Source records:
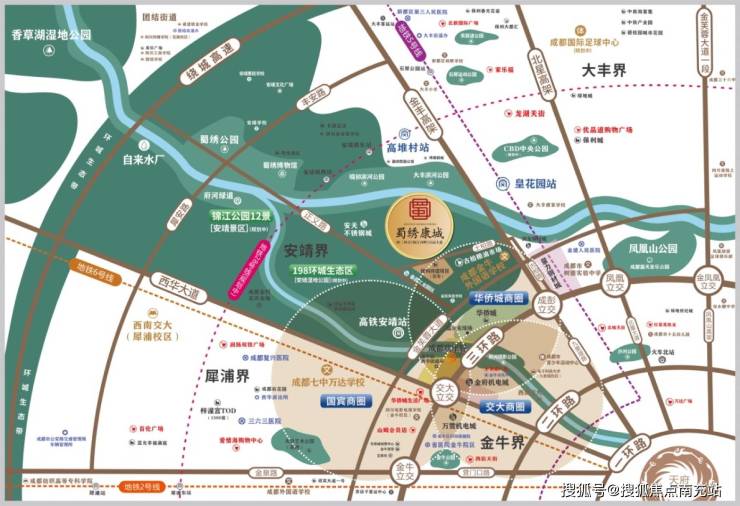 大丰商圈 华侨城商圈 交大商圈 犀浦商圈,多个大型综合体,家门口的世界级商圈,开车15分钟内,均能达到4大成熟商圈,同时项目自身配备2万方的蜀绣主题商业街,缔造家门口的全新商业空间,轻松满足家庭日常消费;
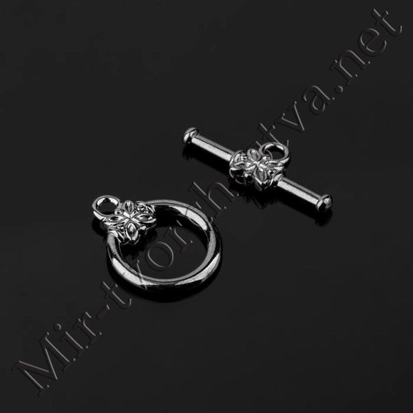 Замок-тогл "Цветок" вороненая сталь, 16*14мм (набор 2шт), цвет серый 5161499
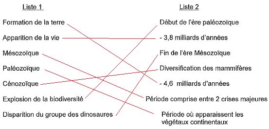 3. Relier les éléments de la liste 1 et de la liste 2 entre eux.
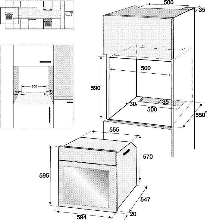 | Размеры для встраивания (ВхШхГ) | 590x560x550 мм |
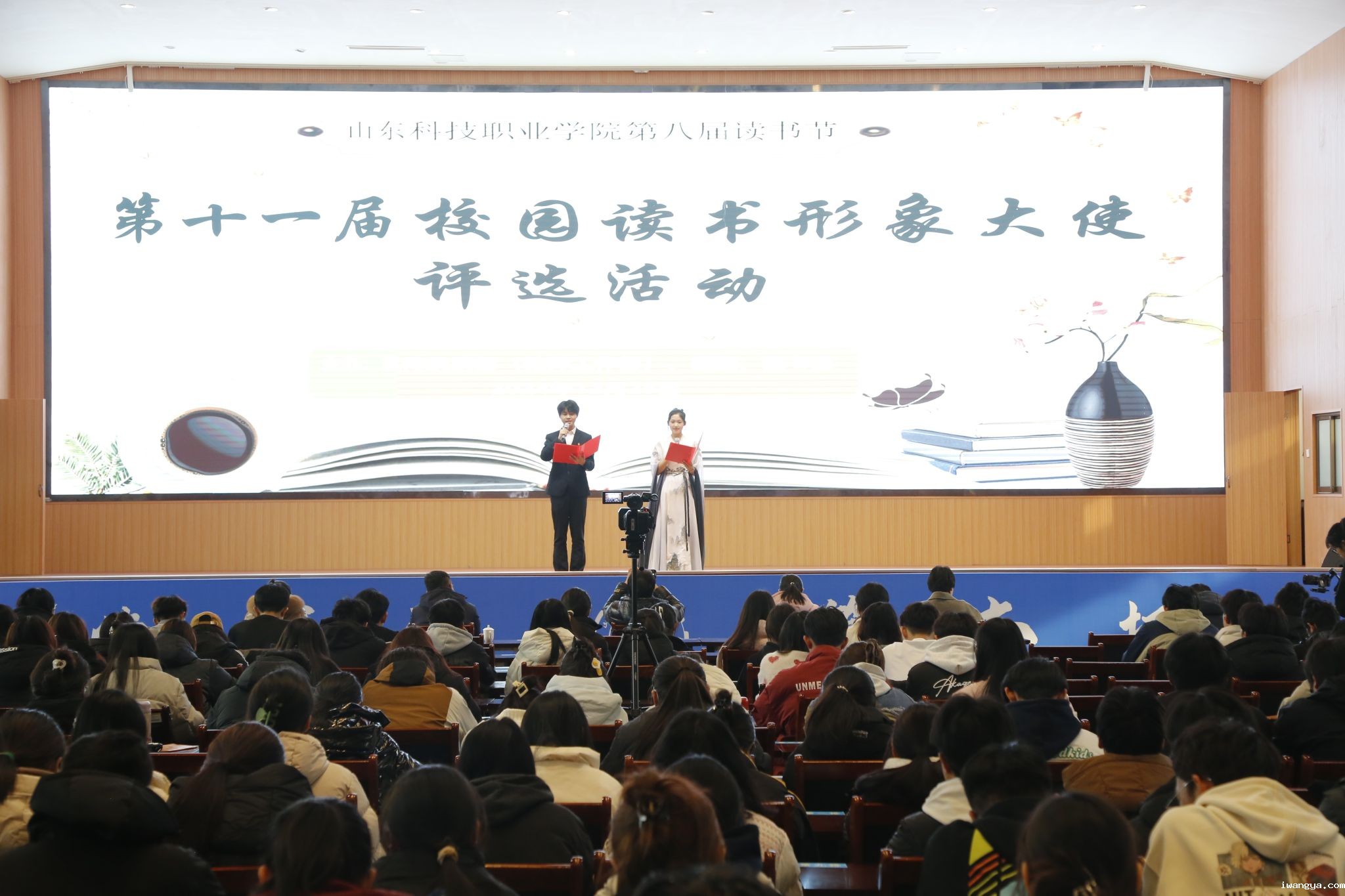 为进一步营造“书香必威网站主页官网入口”阅读氛围,树立全民阅读的先进典型,发挥示范引领作用,引导全校师生形成“多读书、读好书、善读书”的阅读风尚,12月25日下午,学校在南院报告厅成功举办“以书为径,向新而行”第十一届“校园读书形象大使”评选活动。各系部学生代表400余人观赛。
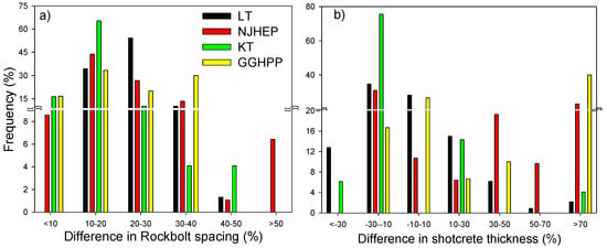 A back-analysis procedure for the Q-value calculation of rock mass, as shown in Figure 3, was suggested using the installed rock bolts and fiber-reinforced, sprayed shotcrete [46]. The back-calculation is explained through Example 1 for the calculation of the Q value. The latest support chart of the Q system [19] is used for the back-calculation for all of the sections of the four projects. The support chart indicated that the shotcrete thickness is a function of De, in addition to the rock quality (Q or Qc); however, rock bolt spacing (Sb) is a function of rock quality only. This spacing of rock bolts was used for the back-calculation of the tunneling quality index (Q1). The thickness of the fiber-reinforced shotcrete is a function of the tunnel span and the tunneling quality index. The thickness of the fiber-reinforced shotcrete, along with the tunnel span, was also used for the back-calculation of the tunneling quality index (Q2). The De is the ratio of tunnel width/span and the excavation support ratio (ESR). The ESR value depends on the country safety standards [20] as well as on the quality of the rock mass [19]. The relation of rock bolt length (Lb) to De for hydropower tunnels, i.e., Project 2 and Project 4, reveals that a value of one for ESR is an appropriate rating for headrace tunnels, and was also used in this study.
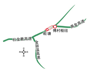 这段路,始于杭州方向过金华东收费站10公里,至鞋塘路段与甬金高速的傅村枢纽。
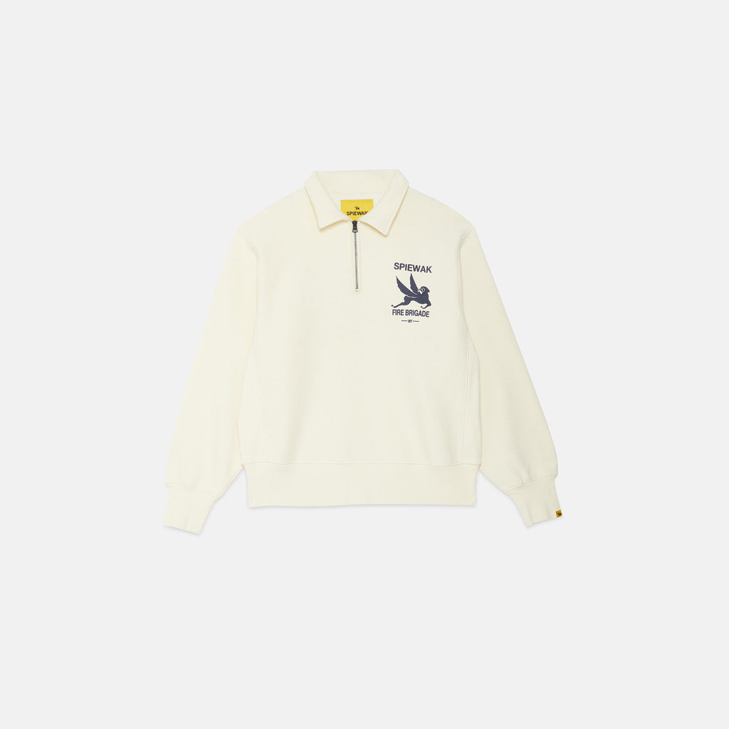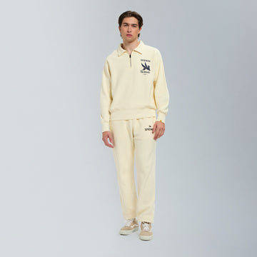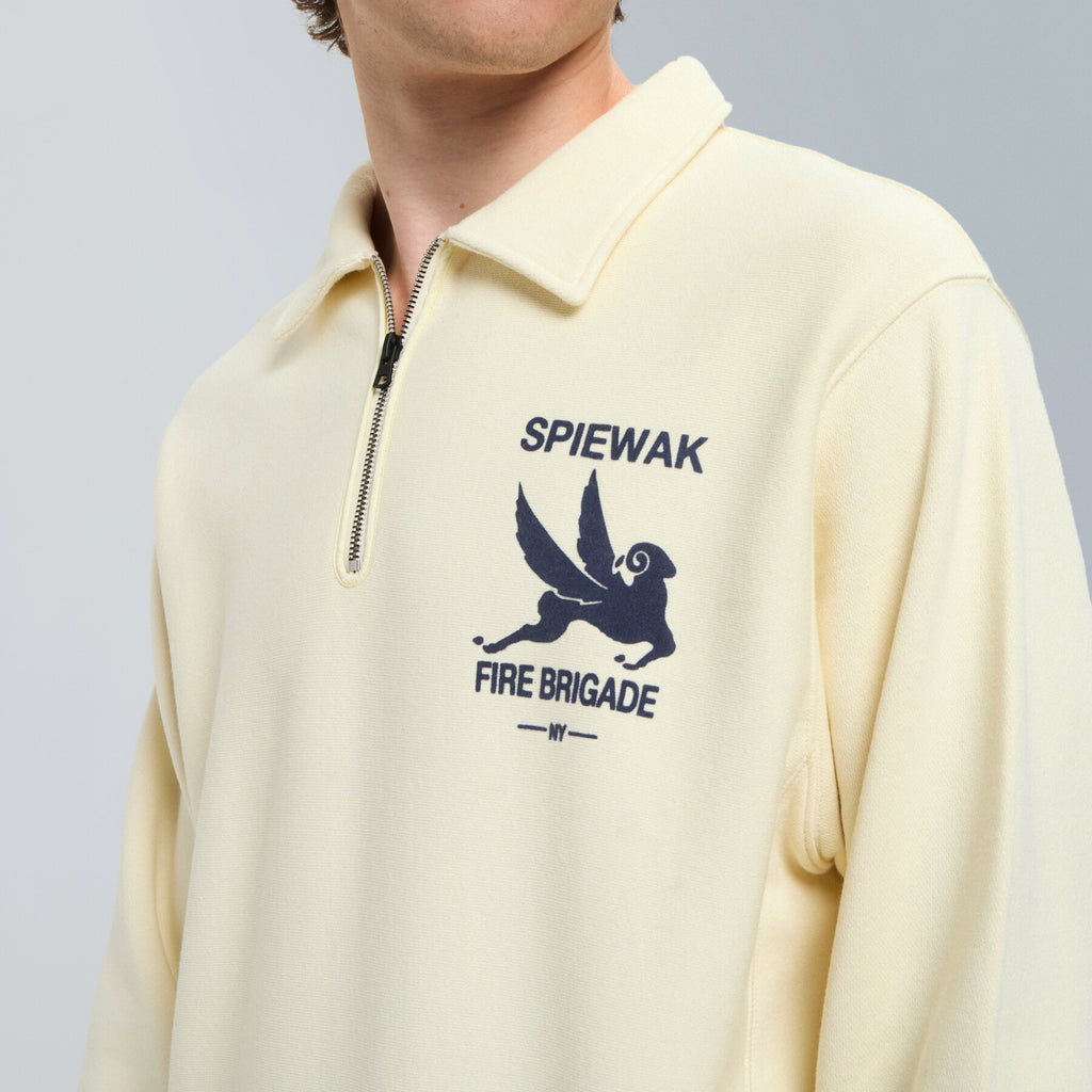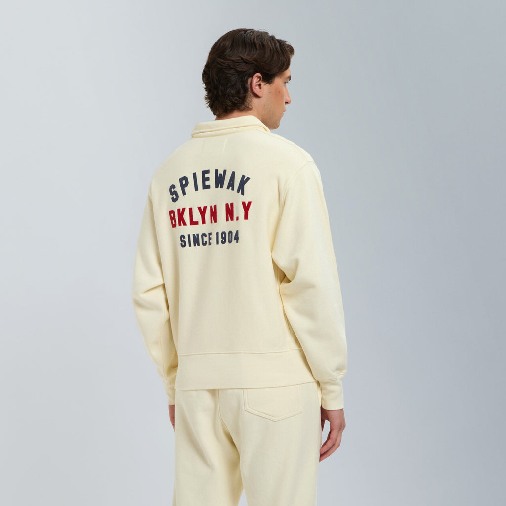 Part of the vintage-inspired sweatshirt series, the Half-Zip Stand Collar is crafted from classic fleece fabric made with open-end yarn on the outer layer. This unique construction gives the piece a structured silhouette and dry hand feel, echoing the authentic texture of vintage sportswear.

[TASK TO CARRY OUT]: Give back the records above word for word, minus any image they hold.

[YOUR SOLUTION]:
 大丰商圈 华侨城商圈 交大商圈 犀浦商圈,多个大型综合体,家门口的世界级商圈,开车15分钟内,均能达到4大成熟商圈,同时项目自身配备2万方的蜀绣主题商业街,缔造家门口的全新商业空间,轻松满足家庭日常消费;
 Замок-тогл "Цветок" вороненая сталь, 16*14мм (набор 2шт), цвет серый 5161499
 3. Relier les éléments de la liste 1 et de la liste 2 entre eux.
 | Размеры для встраивания (ВхШхГ) | 590x560x550 мм |
 为进一步营造“书香必威网站主页官网入口”阅读氛围,树立全民阅读的先进典型,发挥示范引领作用,引导全校师生形成“多读书、读好书、善读书”的阅读风尚,12月25日下午,学校在南院报告厅成功举办“以书为径,向新而行”第十一届“校园读书形象大使”评选活动。各系部学生代表400余人观赛。
 A back-analysis procedure for the Q-value calculation of rock mass, as shown in Figure 3, was suggested using the installed rock bolts and fiber-reinforced, sprayed shotcrete [46]. The back-calculation is explained through Example 1 for the calculation of the Q value. The latest support chart of the Q system [19] is used for the back-calculation for all of the sections of the four projects. The support chart indicated that the shotcrete thickness is a function of De, in addition to the rock quality (Q or Qc); however, rock bolt spacing (Sb) is a function of rock quality only. This spacing of rock bolts was used for the back-calculation of the tunneling quality index (Q1). The thickness of the fiber-reinforced shotcrete is a function of the tunnel span and the tunneling quality index. The thickness of the fiber-reinforced shotcrete, along with the tunnel span, was also used for the back-calculation of the tunneling quality index (Q2). The De is the ratio of tunnel width/span and the excavation support ratio (ESR). The ESR value depends on the country safety standards [20] as well as on the quality of the rock mass [19]. The relation of rock bolt length (Lb) to De for hydropower tunnels, i.e., Project 2 and Project 4, reveals that a value of one for ESR is an appropriate rating for headrace tunnels, and was also used in this study.
 这段路,始于杭州方向过金华东收费站10公里,至鞋塘路段与甬金高速的傅村枢纽。
 Part of the vintage-inspired sweatshirt series, the Half-Zip Stand Collar is crafted from classic fleece fabric made with open-end yarn on the outer layer. This unique construction gives the piece a structured silhouette and dry hand feel, echoing the authentic texture of vintage sportswear.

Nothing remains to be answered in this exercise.